By Arab News
By Frank Kane
World leaders at the COP26 have woken up to the benefits of halting deforestation and desertification — a strategy pioneered by Saudi Arabia as part of the Saudi Green Initiative to combat climate change.
More than 100 countries, including the US, China and Brazil, signed a pledge on Tuesday to “collectively halt and reverse forest loss and land degradation by 2030 while delivering sustainable development and promoting an inclusive rural transformation.” Together, the signatories comprise 80 percent of the world’s forested areas.
The pledge to plant more trees will be supported by a $12 billion fund for development backed by 12 countries, of which $1.5 billion will go to the Congo Basin, the second largest forested area on Earth after the Amazon. A further $7.2 billion will come from private sector investors, who also pledged to stop investing in activities linked to deforestation such as cattle, palm oil and soybean farming and pulp production.
Environmental experts believe tree planting can help significantly with greenhouse gas emission, and help reduce ambient temperatures in urban areas. Mangrove forests, which are prevalent in the Arabian Gulf, are believed to be particularly effective in carbon neutralization.
Saudi Crown Prince Mohammed bin Salman launched a plan last month to plant hundreds of millions of trees in the Kingdom by 2030 in a move to reduce CO2 levels in the atmosphere and contribute to the “greening” of the capital, Riyadh.
A Saudi official at COP26 told Arab News: “It is heartening to see that the world is following the example we have set. Reforestation, and the related issue of effective use of water resources, are crucial areas for the Kingdom and the world. As the largest producer of desalinated water in the world, we are keen to develop technologies that effectively deal with irrigation at the same time.”

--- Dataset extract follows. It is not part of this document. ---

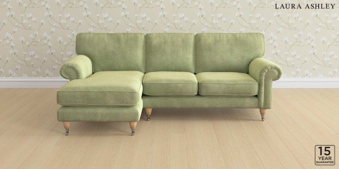 6.12.1 Buy Kingston by Laura Ashley Medium Sofa Chaise - Left Hand Orla Pale Hedgerow Green Low Chrome Castor - Light Oak from the Laura Ashley online shop Click here to use our website with more accessibility support, for example screen readers

The COP26 leaders pledged to “conserve forests and other terrestrial ecosystems and accelerate their restoration,” in a declaration on forests and land use.
They also committed to “working collectively to halt and reverse forest loss and land degradation by 2030 while delivering sustainable development and promoting an inclusive rural transformation.”
The agreement was seen as a major advance for the environmental lobby at COP26, and the first big step taken by the Glasgow summit. British Prime Minister Boris Johnson, who also signed the declaration, called it a “landmark agreement.”